会社の節税対策よりも大事なこと

税金が減ると、トクした気分になるかもしれません。

でもそれは、落とし穴かもしれないですよ。

 

法人税等は売上のどれくらいなのか

会社を経営していれば、避けて通れないのが税金です。

その税金のなかでも、利益にたいしてかかる法人税・住民税・事業税(法人税等)。

これらが、売上を「100%」としたとき、どれくらいになるのか。

 

それをあらわすのが、つぎの表です。

業種法人税等税引き後の利益
建設業1.5%4.0%
製造業2.0%3.0%
情報通信業2.2%3.7%
運輸業、郵便業1.3%1.6%
卸売業0.9%1.7%
小売業0.8%1.4%
不動産業、物品賃貸業3.6%8.7%
学術研究、専門・技術サービス業2.3%6.5%
宿泊業、飲食サービス業0.8%△0.1%
生活関連サービス業、娯楽業3.7%△1.4%
サービス業(他に分類されないもの)1.5%2.9%
合計1.5%2.8%

 

(中小企業実態基本調査 R4年度決算実績 売上高及び営業費用 産業中分類別表より)

 

うえの表は、そのまま鵜呑みにしてよいもの…ではないかもしれません。

というのも、総務省がおこなっている経済センサスの情報を中小企業庁が選出したものであり、

黒字・赤字が入り乱れているかもしれません。

また、中小企業のおおくは同族会社。

なので経営者が、経費のおおくを占める役員報酬を、自身で決めることができる。

あるていど、利益を操作できるわけです。

それに、経済センサスに正直に答えているか…ということもあるかもしれないですから。

 

とはいえ、大筋をまとめてみれば、次のとおり。

  • 法人税等……売上の1.5%くらい
  • 税引き後の利益……売上の3%くらい

10,000円売ったとき、法人税が150円で、会社に残るお金は300円。

こんな感じなのです。

 

節税対策よりも大事なこと

法人税等の節税をするというのは、売上の1.5%くらいであるものを、更に少なくしようとすること。

ここに、どれくらいの意識や興味・労力をかけるか。

 

へたに経費をふやしてお金をつかってしまえば、法人税等はへるものの、税引き後の利益の利益もへってしまいます。
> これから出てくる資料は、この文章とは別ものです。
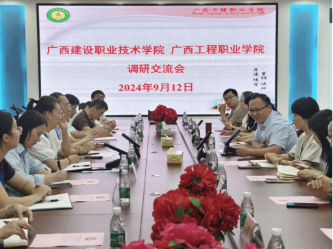 廣西建院9月13日訊(教務處 李瑩)為進一步推進與廣西工程職業學院結對幫扶工作,9月12日上午,我校教務處處長付春松率教務處一行12人赴廣西工程職業學院調研交流。廣西工程職業學院副校長黃德偉、教務處處長胡星萍及各二級學院相關負責人參加了座談會。座談會上,黃德偉副校長對我校付春松處長一行的到來表示熱烈的歡迎,詳細介紹了學校的辦學情況,并圍繞“雙高”建設、校企合作、產業學院、學徒制、課程思政、在線精品課程、虛擬仿真實訓室建設提出了7個“...

その税引き後の利益は、うえの表では売上の3%くらい。

これがさらに少なくなるわけです。

 

もちろん、お金をつかわない節税もありますが、それは限られているもの。

税理士がついているなら、ほとんどの場合は、既にやっているはずです。

なかには、役員報酬の設定のように難しいものもありますが。

 

事業の目的ってなんでしょうか。

それは税金を少なくすることではなく、お金を増やすことではないでしょうか。

 

たしかに、だれでも税金は払いたくないもの。

払ったとしても、直接的なリターンが無いように感じることもあります。

あるいは、良からぬ使い方をされているように感じることも。

必要なものとは分かりつつも。

 

ただ、1.5%くらいの法人税等を減らそうとするなら、3.0%くらいの税引き後の利益を増やす。

こっちを意識した方が良いように思うのです。

自由に使えるお金を増やすためにも。

そのほうが、自分のためになるでしょうから。

 

もちろん、わたしは税理士なので、節税をしない…というわけではありませんよ。

経費になるものを忘れたり、できる節税をやらないということは、あってはならないこと。

 

それでも、1.5%のものを減らそうとするより、3.0%のものを少しでも増やそうとする。

ここに意識や興味・労力、そして時間もつかう。

そのほうが、お金も増えるし、自分のためになる。

「節税」が頭をよぎったら、「お金はいくら増えるのか」と考えてみましょう。

 

まとめ

中朝企業実態基本調査によると、売上を100%としたとき、法人税等は1.5%くらいで、税引き後の利益は3.0%くらいです。

税金が減ると、なにかトクしたような気になるものです。

でも、それは落とし穴のようなものかもしれません。

お金を増やしたいのだったら、税引き後の利益を意識するようにしましょう。

 

※ 記事作成時点の情報・法令に基づいています。